I looked at a whiteboard across from me. The ghosts of the words compassion and service were still visible where they’d recently been erased. I took a deep breath and apologized to the intern for being brusque during our phone conversation on the night of John’s death. She said it was OK; if I’d let her open up, she wouldn’t have been able to get through the night. People die, and you just keep working.

“Here’s the truth,” I said. “My first concern wasn’t about what had happened to John. It was primarily about you.” I felt sheepish, admitting that the residents, not the patients, were my top priority. I wished I could have been there to shield them, I said: from the shock, the grief, the sense of helplessness. And the self-judgment.

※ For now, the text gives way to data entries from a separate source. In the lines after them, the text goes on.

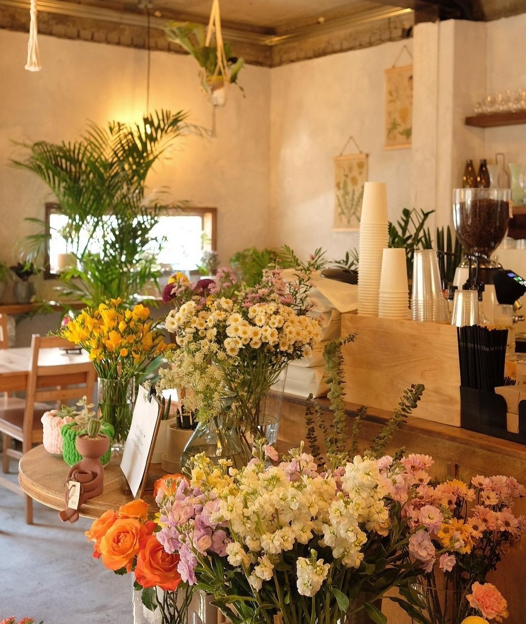 꽃과 커피를 즐길 수 있는 플라워카페인 꽁띠드샤. 카페에 들어가면 꽁띠드샤의 마스코트 고양이 '구땡이'도 있다.
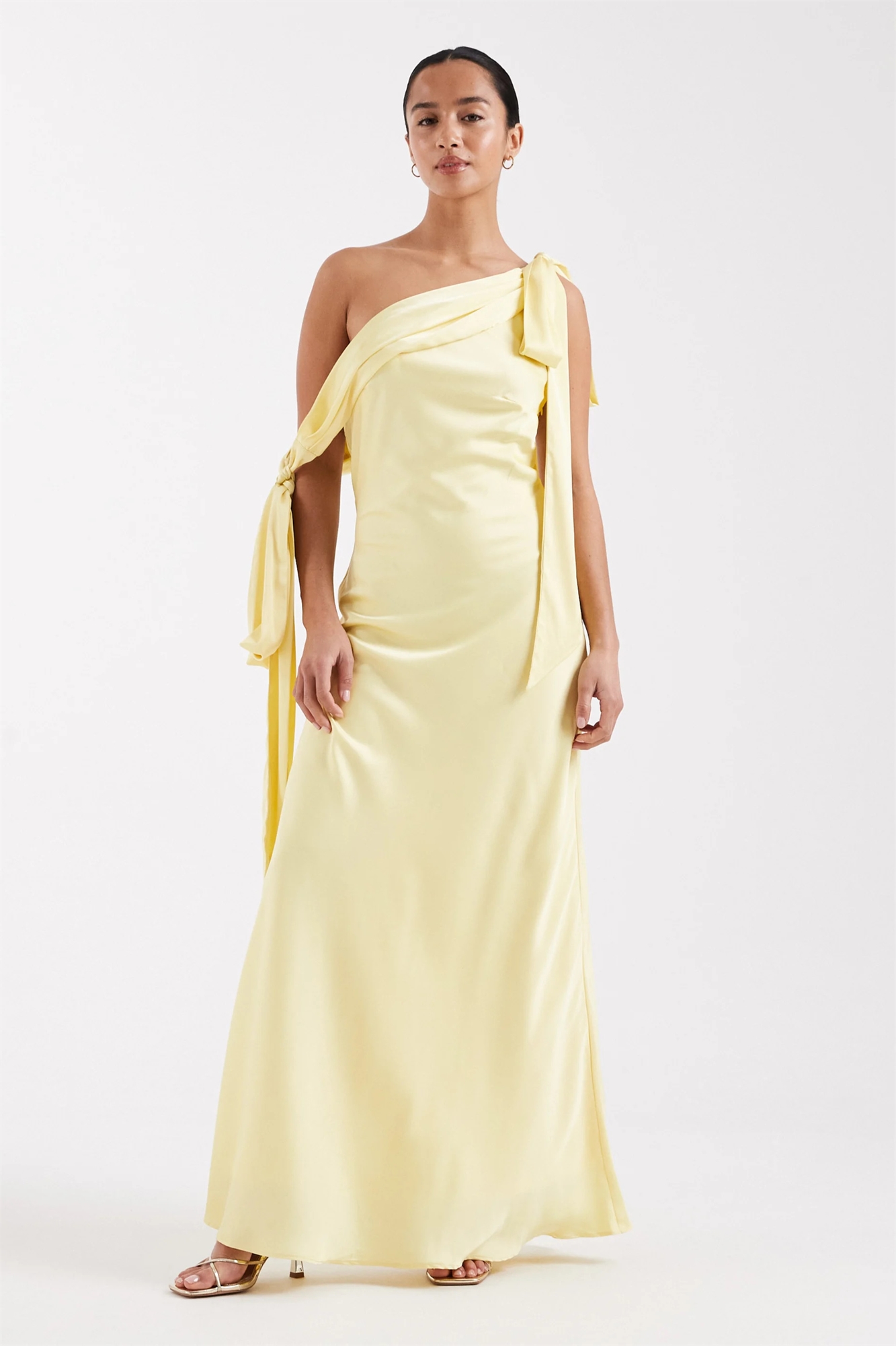 Атласное макси-платье с открытыми плечами для подружек невесты
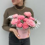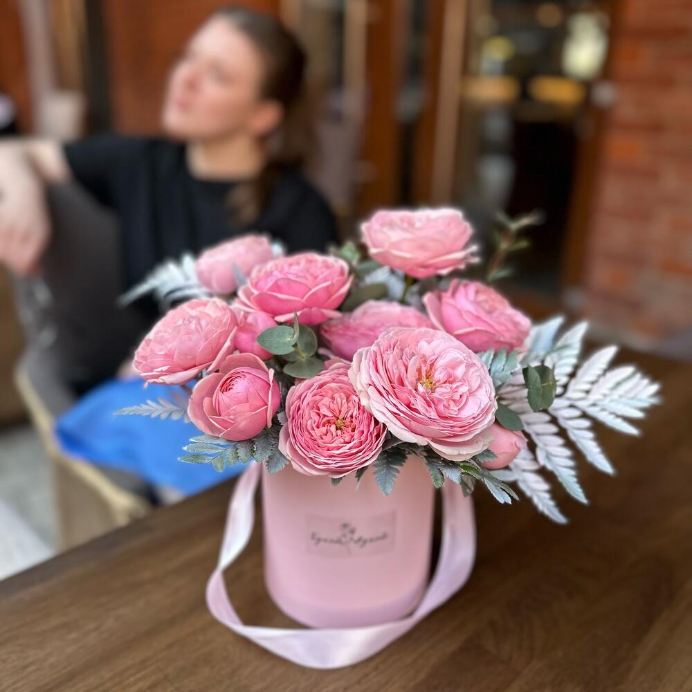Коробка «Mama Mia» (Роза пионовидная кустовая и зелень)
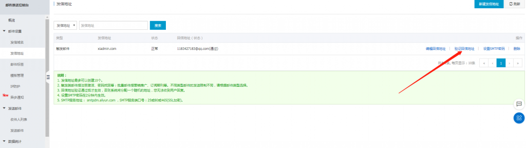 最后一步验证回信地址,填写一个可以收到信的邮箱,点击验证之后阿里云会发送一封验证邮件到你的回信地址,点击邮件链接即可验证通过
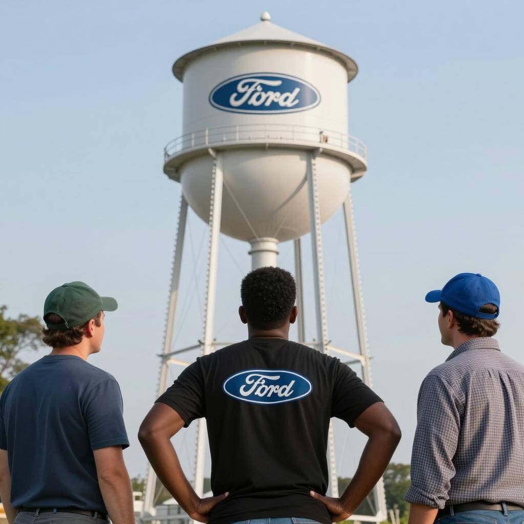 Three men standing in front of a large, cylindrical Ford water tower. The man in the center has dark skin, short black hair, and wears a black t-shirt with hands on hips. The man on the left has light skin, a green cap, and a blue shirt. The man on the right has light skin, a blue cap, and a checkered shirt. Power lines and metal structures are in the background. The water tower has a blue Ford on the side. The men are seen from behind.
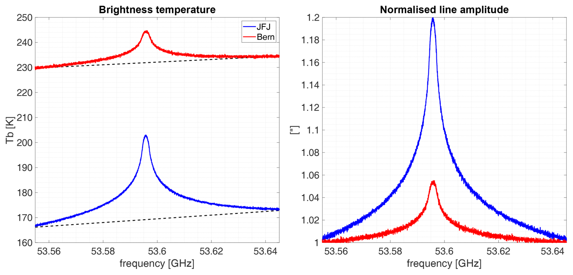Figure 6Comparison of calibrated TEMPERA-C measurements between Bern and the Jungfraujoch high altitude station. The comparison illustrates two measurements of the fine structure emission line at 53.596 GHz in single polarization taken at the Sphinx observatory and at the University of Bern, both during clear sky conditions. The left figure shows the direct comparison after calibration as a solid line, while the contribution from the troposphere (tropospheric background) is depicted as a dashed line. The right figure illustrates the same data normalized by dividing the spectra by the corresponding tropospheric background.
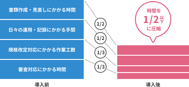ISMSアシストの導入で、はじめてのISMS取得時はもちろん、取得後の定期的な運用もスムーズ化されます。文書などの見直し・管理にかかる時間や、維持審査や更新審査にかかる負担を半分に圧縮することも可能。その分、本来の重要な業務を優先できるようになります。
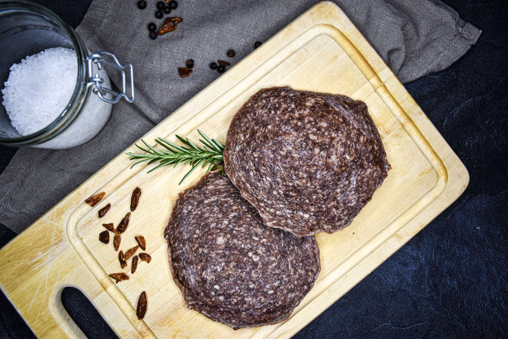Inhalt:8 St. Burger-Patties | 8 St. Rind-/Kalbsbratwürste (mit Schweinefleisch gemischt) | Steakcut ca. 500gGesamtgewicht des Paketes ca. 3kg
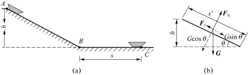 例4.4 如图4.13所示,雪橇从高50 m的山顶A点沿冰道由静止下滑,坡道AB长500 m,滑至B点后,又沿水平冰道继续滑行若干米后停止在C点处。若μ=0.050,求雪橇沿水平冰道滑行的路程。
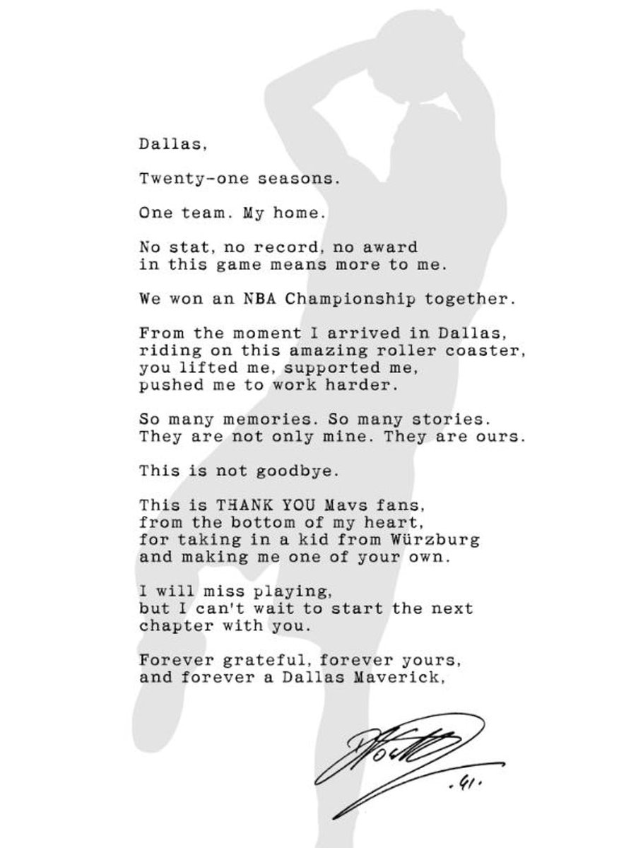 La lettre de Dirk Nowitzki pour remercier les fans des Dallas Mavericks
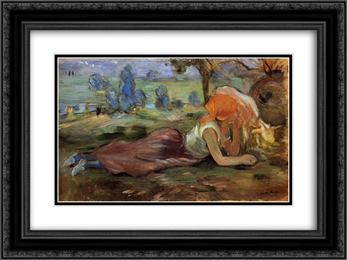 Shepherdess Resting 24x18 Black Ornate Wood Framed Art Print Poster with Double Matting by Morisot, Berthe
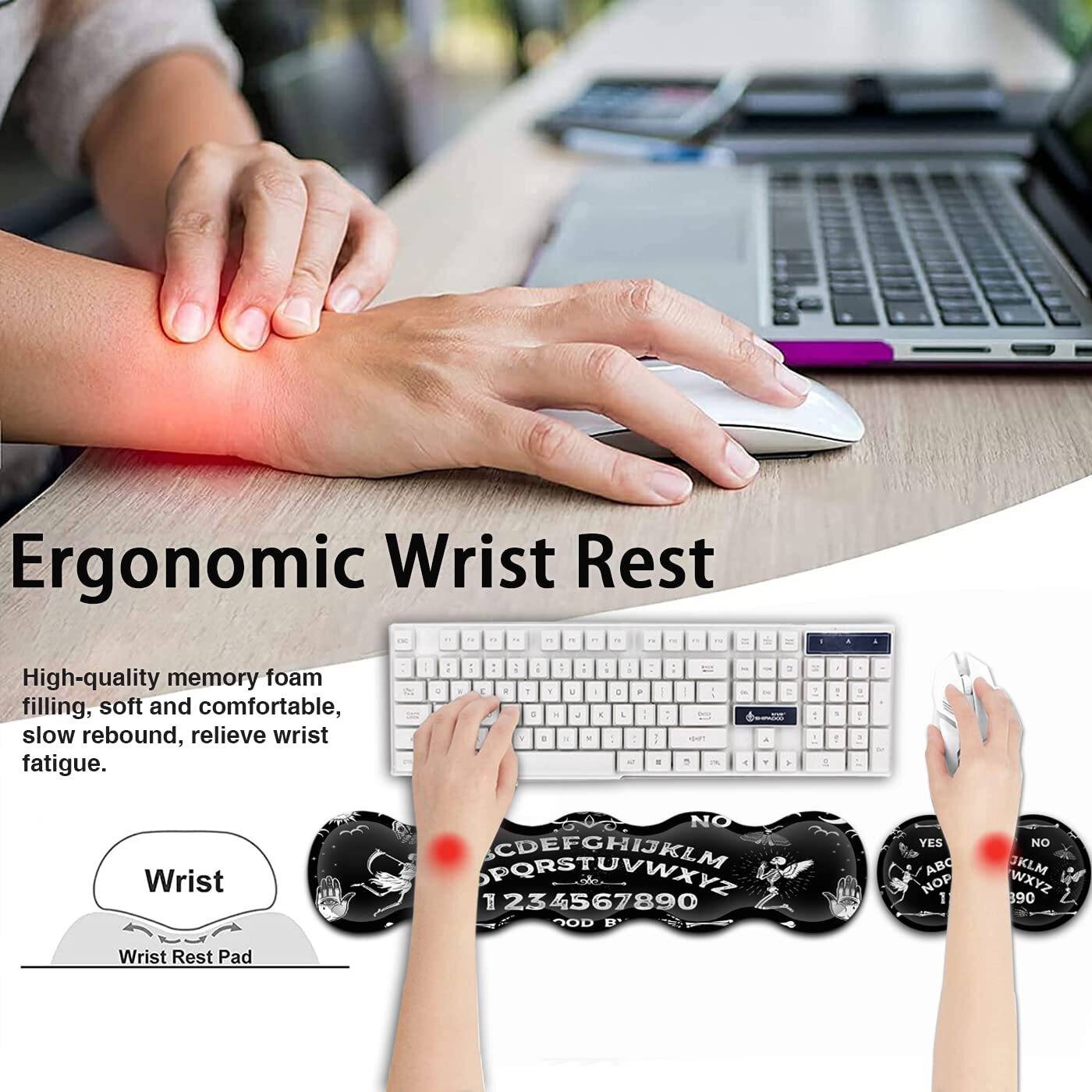 Amazing Deals Await! Welcome to my stores, The Smart of your choice and satisfaction guarantee. Gaming Mouse Pad & Keyboard Wrist Rest,Large Extended Mouse Pad 31.5X 11.8,Ergonomic Memory Foam Wrist Rest Support+Desk Mat Protector,for Office/Home Writing Pad,Ouija Board Pattern Black Mousepad Product Overview Key Features ✓【Large and Extended Size】The size of this XXL large mouse pad is 31.5×11.8 inch,which is big enough to fit your full-sized keyboard, mouse, laptop,or other item on the desk,providing more space for professional gaming or office work. Besides,you can also use this extended mouse pad as a desk pad,writing pad,platform protection mat. ✓【Ergonomic Wrist Rest Design:】Using soft and breathable fabric and comfortable memory foam design, rest the wrist, raise the wrist to a suitable position, and reduce the pain of the wrist. The ergonomic height eliminates the friction between the wrist and the desktop, preventing unnecessary wrist fatigue and injury. ✓【Non-slip Rubber Base:】The Soft and dense non-slip natural rubber base can hold the table firmly. High-quality soft materials bring you comfort and mouse control, Just immerse into your work or games without worrying about the annoying mouse pad movement. ✓【Ultra Smooth Surface & Stitched Edges】This extended mouse pad is easy to be cleaned by wet rag or washed, Covered by the superfine fabric, the mouse pad has a soft and smooth surface, helps you track the mouse fast and accurately, maximally enhances your gaming/working experience.Double stitched edges protect the mouse mat from wear. Urable enough for long time using. No deformation Much more durable other mouse pads. ✓【More 】 All our products have passed strict quality tests. If your product fails or is damaged, please feel free to contact us. we can offer you a new one or 100% money back. So, what are you waiting for? Add to your cart Now! Payment Guidelines ⦿ Payment is processed through eBay's secure system. ⦿ We accept PayPal and major credit cards. Shipping Information ⦿ We ship to the address provided at checkout. Please verify your address before placing your order. ⦿ Orders are processed within 1 business day (excluding weekends and holidays). ⦿ Delivery typically takes 3-5 business days. ⦿ We use reliable carriers such as UPS, FedEx, and USPS. ⦿ Shipping is available only within the contiguous United States. No shipping to Alaska, Hawaii, Puerto Rico, or PO Boxes. ⦿ If you experience any delays, please reach out to us for assistance. Return Policy ⦿ We offer a 30-day money-back guarantee. ⦿ If you're not satisfied with your purchase, you can return it for a full refund. ⦿ Please contact us for the return address before sending any items back.
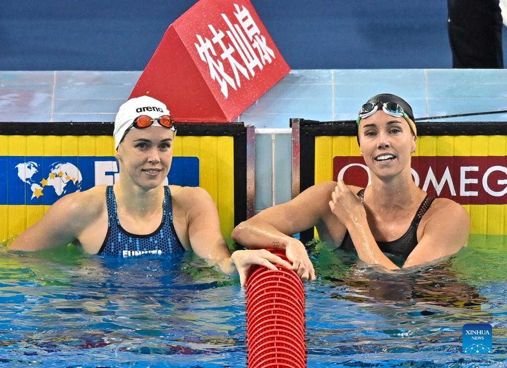 Emma Mckeon (R) of Australia reacts after winning the women's 100m butterfly final at FINA Swimming World Cup 2021 in Doha, capital of Qatar, Oct. 23, 2021. (Photo by Nikku/Xinhua)
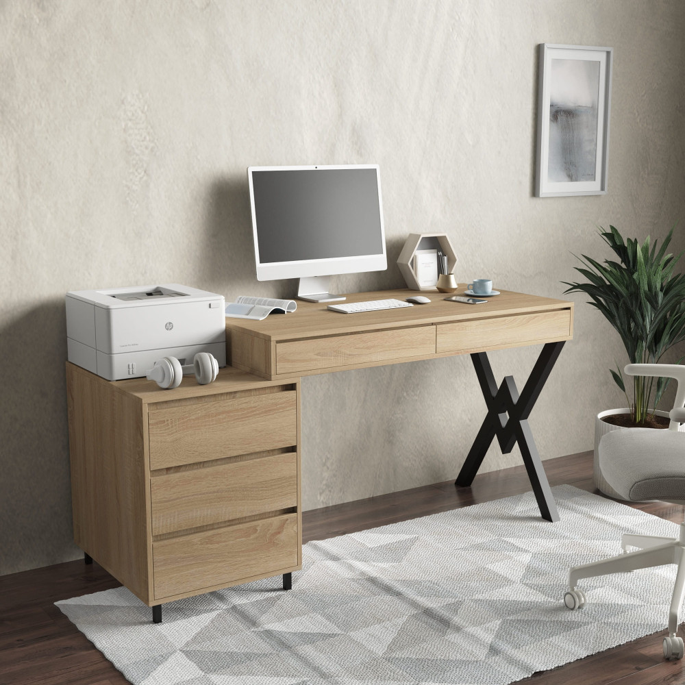 Офисный столик в стиле Лофт с ящиками Дуб Сонома
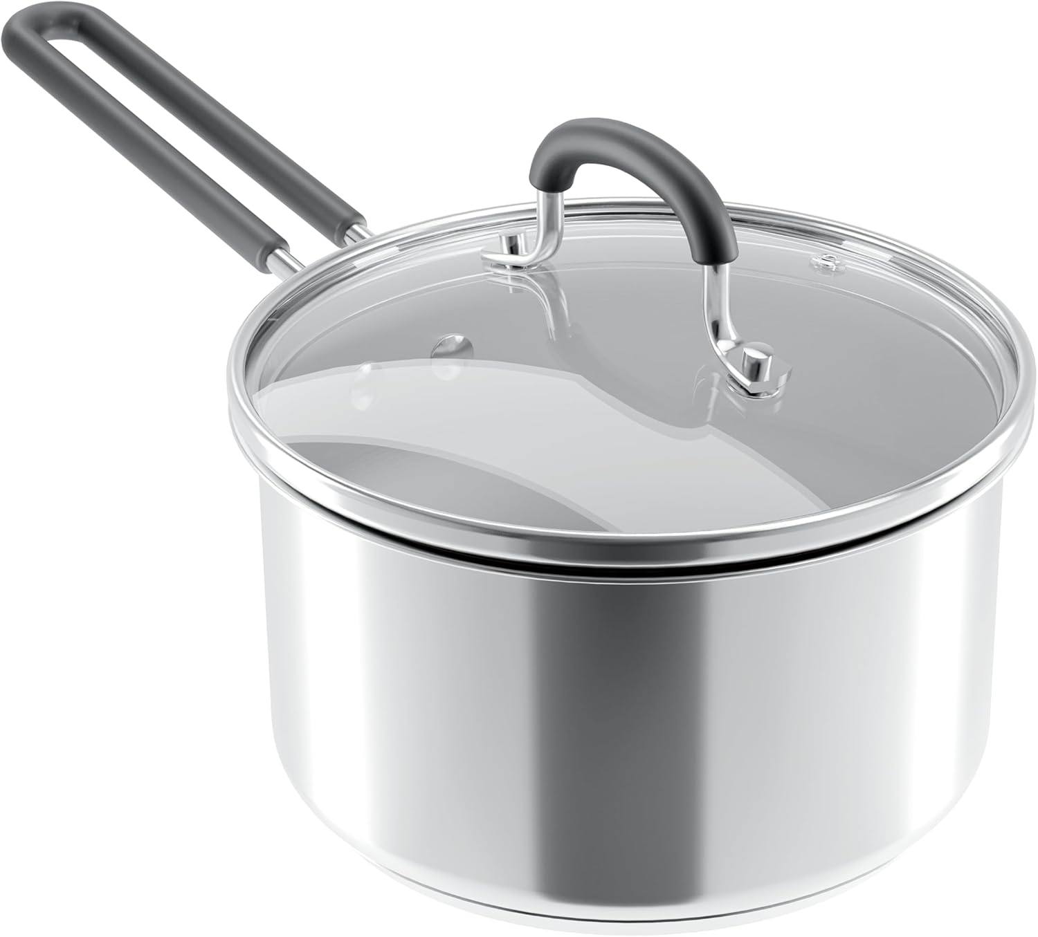 - Name: COOKNANO 18cm Stainless Steel Saucepan with Glass Lid, Stay-Cool Handle, 2L Oven Safe Stainless Steel Pan
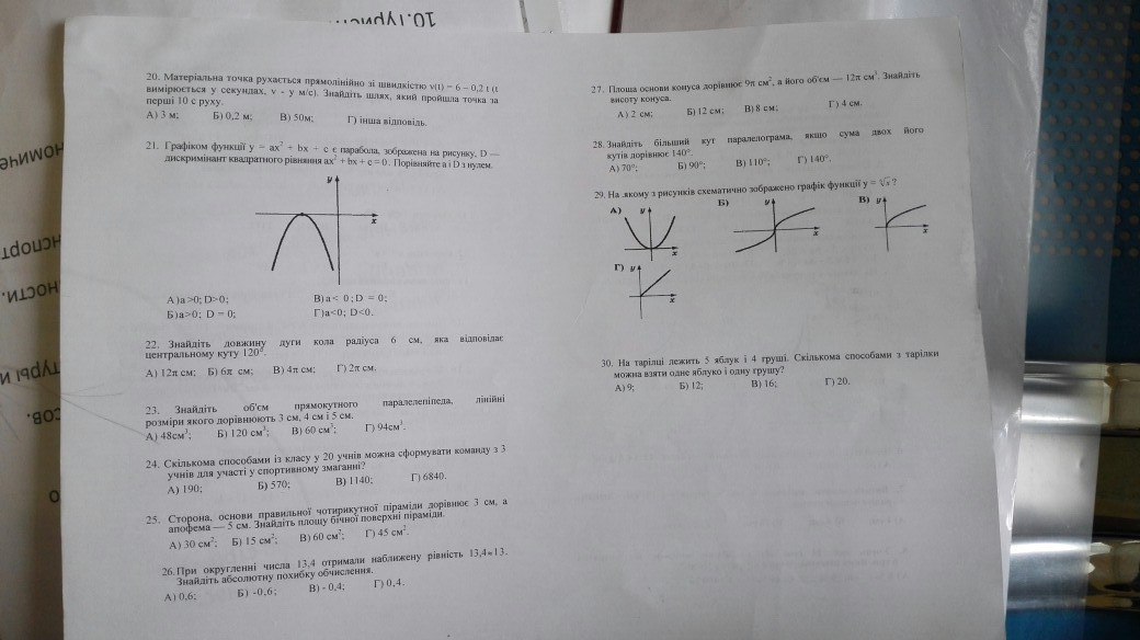 21. Если рожки направлены вниз, то a<0. Поскольку один корень, то Д=0
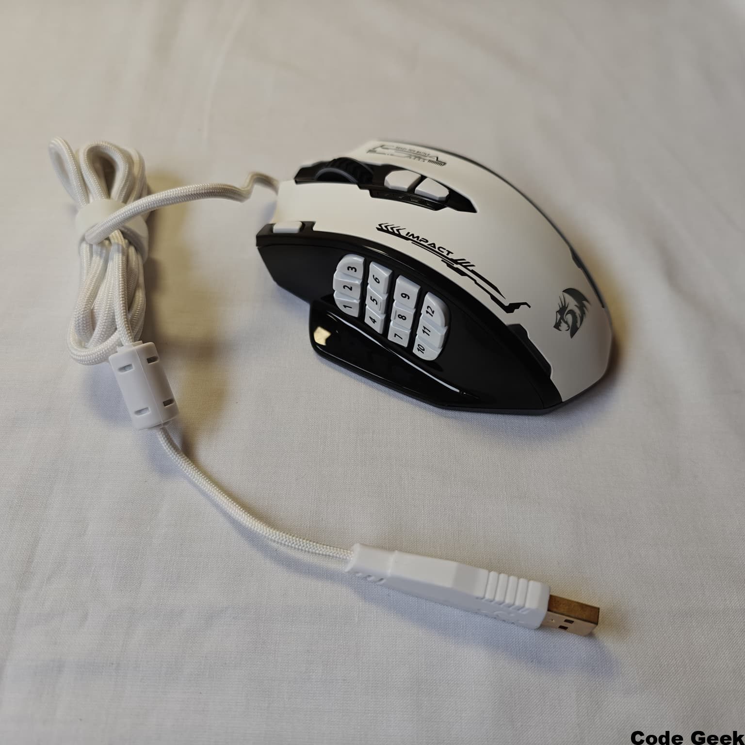 Una de las características más destacables de su diseño es el apoyo integrado para el dedo meñique y anular en el lateral derecho. Este elemento, a menudo pasado por alto en otros ratones, proporciona una sensación de estabilidad y comodidad excepcional, permitiendo que la mano descanse de forma natural y relajada sobre el periférico . En el lateral izquierdo, un reposapulgares amplio y ligeramente inclinado alberga la famosa matriz de 12 botones MMO. Este diseño no solo ofrece comodidad, sino que también dota al ratón de una estética simétrica y equilibrada que lo distingue visualmente de la competencia . El cable mallado de 1.8 metros de longitud no solo es extremadamente resistente, sino que también minimiza los enredos, facilitando la gestión del espacio en el escritorio .
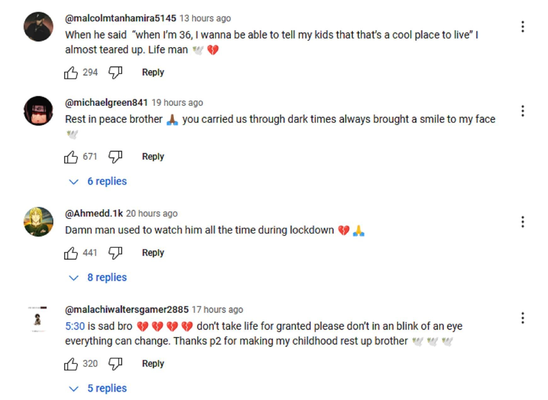 "5:30 is sad bro 💔💔💔💔 don’t take life for granted please don’t in an blink of an eye everything can change. Thanks p2 for making my childhood rest up brother 🕊️🕊️🕊️," wrote @malachiwaltersgamer2885.

They were all staring at me as the words continued to spill out: About the complexity of being a doctor, and the way medicine consumes you. About the system that imposes long days of fifteen-minute visits. About the way the kind and respectful patients get overshadowed by the ones who ignore your humanity: The man who calls you a “cunt” because you won’t give him oxycodone. The woman with chronic abdominal pain who has had every test and seen every specialist, but insists you aren’t willing to help her. The ones who take out their awful experiences with other doctors on you.

Finally I told them something another resident had told me: that John’s biggest fear had been that he would die alone. “And he didn’t. You had the courage to sit there with him, amid the trauma and the blood, until he was gone. That’s what you did for him.”

Tears were falling in the room, including, finally, the intern’s. I was glad to see her cry. It meant she was becoming the sort of doctor I still struggle to be.